Bu prosedür sadece hastane ortamında gerçekleştirilir ve frontal sinüsün duvarlarını oluşturan kemikler yeterince yoğun olduğundan ve onları normal bir iğne ile delmek mümkün olmayacağından özel ekipman - bir trepanatör kullanılmasını gerektirir. Aslında, prosedür mini bir işlemdir, bu nedenle yalnızca aşırı durumlarda, diğer tüm yöntemler zaten denendiğinde ve beklenen sonucu getirmediğinde atanır.

Ponksiyon lokal anestezi altında yapılır. İğne, burun geçişinden veya ön kemikten sokulur. Sinüsün içeriği dışarı pompalanır, yıkama için boşluğuna antiseptik bir solüsyon enjekte edilir ve daha sonra da çıkarılır. Son olarak, mukoza zarı antibiyotikli bir solüsyonla tedavi edilir ve delinme yerine bir drenaj kurulur veya bir mikro sütür empoze edilerek cilt tarafından kapatılır. Dren hastanın vücudunda 5 güne kadar kalabilir, ardından çıkarılır ve yara kapatılır.

Doğru yapılan bir işlemden sonra hastanın durumu hızla düzelir. Ancak en az 5-7 gün boyunca, herhangi bir komplikasyon olmadığından ve hastalığın gelişiminin askıya alındığından emin olmak için hala hastanede olması gerekir. Genellikle, bir delinmeden sonra, en az 7 gün boyunca bir antibiyotik kürü reçete edilir.

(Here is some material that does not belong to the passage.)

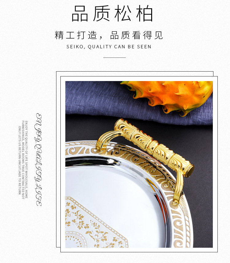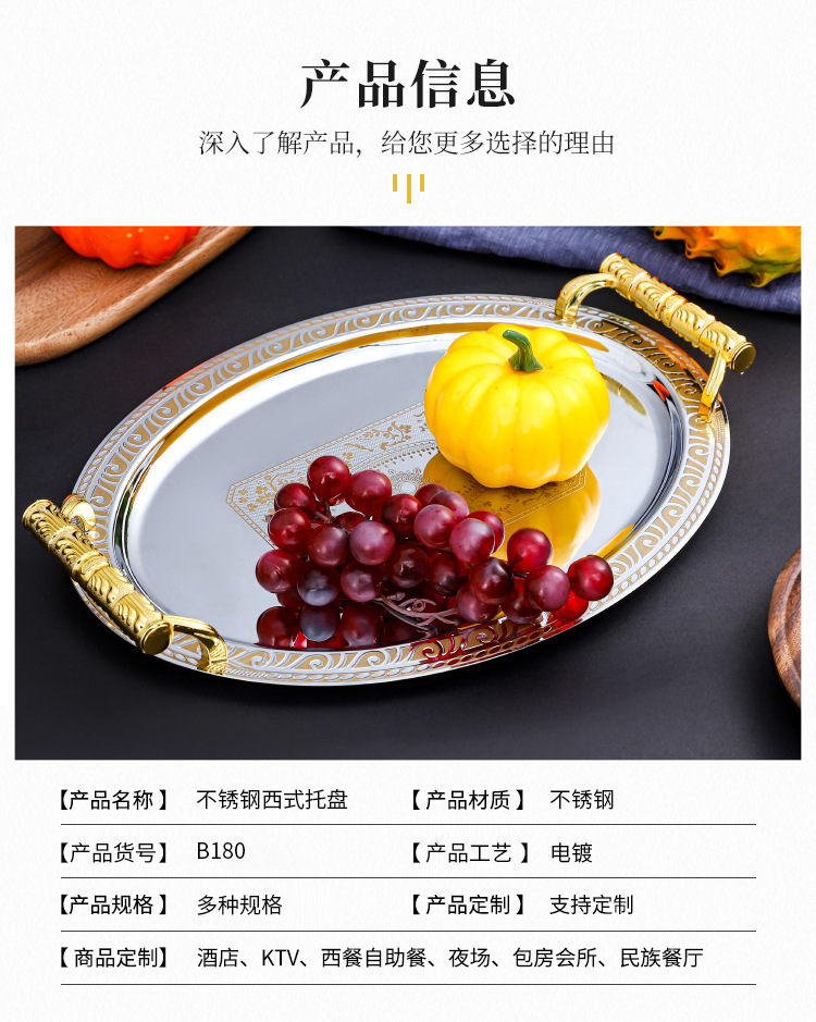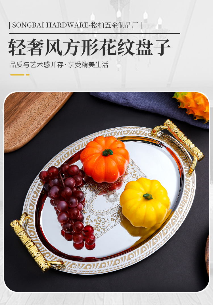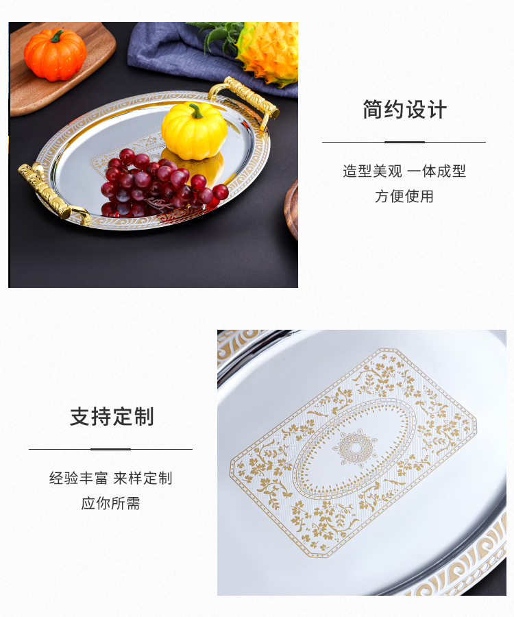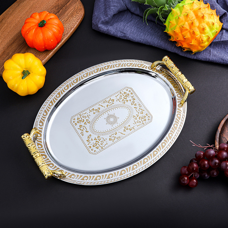 골드 핸들 타원형 빈티지 스테인레스 스틸 트레이 호텔 케이터링 인쇄 트레이 가정용 스낵 과일 저장 트레이 재고

İyileşme aşamasında hastaya fizyoterapötik prosedürler önerilebilir: elektroforez, UHF, kuvars tüp ve diğerleri. Buhar inhalasyonları iyi bir etki sağlar - şişmeyi hızla giderir ve mukoza zarlarını nemlendirerek iyileşmelerini hızlandırır.

Ancak tüm bu prosedürler yalnızca irin tamamen olmadığında ve vücut ısısı 37.5'in üzerine çıkmadığında kullanılabilir.ÖİLE BİRLİKTE.

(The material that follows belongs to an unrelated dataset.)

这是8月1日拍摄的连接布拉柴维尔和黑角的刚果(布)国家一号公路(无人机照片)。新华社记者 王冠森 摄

Ameliyat bazen gerekli hale gelir. Tedavisi en zor olan form polip frontal sinüzittir. Onu provoke eden polip burun boşluğundaysa, operasyon oldukça basittir ve 15 dakikadan fazla sürmez - oluşum tıbbi bir halka ile çıkarılır. Onkolojiyi dışlamak için biyopsi öncesi yapılır.

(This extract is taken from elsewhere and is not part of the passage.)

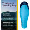 Trestles 15° sovsäcken är byggd för att prestera i kalla och fuktiga förhållanden när du är ute på vandring, hajk eller läger. SpiraFil™ högloftisolering håller dig varm även när det blir blött. Sovsäcken har tvåvägsdragkedja i full längd, 3D-huva för att skydda huvudet och rymlig 3D-fotbox för att hålla fötterna varma. Dess vågkonstruktion på toppen och filt-konstruktion på botten ger en oslagbar kombination av maximal värme och komfort där du behöver det. Om insidan blir för varm, använd den nedfällbara sekundära dragkedjan för att få lite luft. Använd förvaringsfickan för små föremål.

Polip sinüs boşluğunda büyüdüğünde daha kötüdür. Sonra neoplazmaya ulaşmak ve onu çıkarmak için ön kemiği açmanız gerekir. Bu tür operasyonları gerçekleştirme kararı çok nadiren ve sadece acilen ihtiyaç duyulduğunda kullanılır.

Önleme önlemleri

Akut frontal sinüzitin önlenmesi, tedavisinden çok daha kolaydır. Bu nedenle, bu nahoş hastalığın gelişmesini önlemek için başlangıçta her şeyi yapmak daha iyidir. Her şeyden önce, bağışıklık sistemini mümkün olan tüm yollarla güçlendirmek gerekir: egzersiz yapın, sertleştirme prosedürleri uygulayın ve doğru yiyin. Daha az önemli değil:

  • alnın şiddetli hipotermisini önleyin - soğuk ve çok rüzgarlı havalarda şapka takmak gerekir;
  • tüm solunum yolu hastalıklarını tamamen tedavi ederek kronikleşmelerini önler;
  • polipleri zamanında tespit etmek için yılda en az bir kez önleyici muayenelerden geçmek;
  • bir burun yaralanmasından sonra, nazal septumda ciddi bir hasar olmadığından emin olmak için bir KBB doktorunu ziyaret ettiğinizden emin olun;
  • konut ve iş yerlerinde havanın temizliğini ve sıcaklığını izlemek;
  • solunum sistemi üzerindeki dış tahriş edici maddelere uzun süre maruz kalmasına izin vermeyin, tehlikeli endüstrilerde çalışırken kişisel koruyucu ekipman kullanın;
  • burun boşluğunu orada biriken mukustan düzenli olarak temizleyin, burnu parmaklarla ve diğer sert nesnelerle almayın.

Kötü alışkanlıkları, özellikle sigarayı bırakmak, üst solunum yollarında iltihaplanma olasılığını da önemli ölçüde azaltır.

Her türlü sinüzitin iyi bir şekilde önlenmesi, düzenli olarak yapılması tavsiye edilen nefes egzersizleridir. Ve asıl mesele, hastalığı kendi başınıza iyileştirmeye çalışmadan zamanında bir doktora görünmektir. İlaçların yanlış kullanımı sadece hastalığı ağırlaştırabilir ve ciddi komplikasyonlara yol açabilir.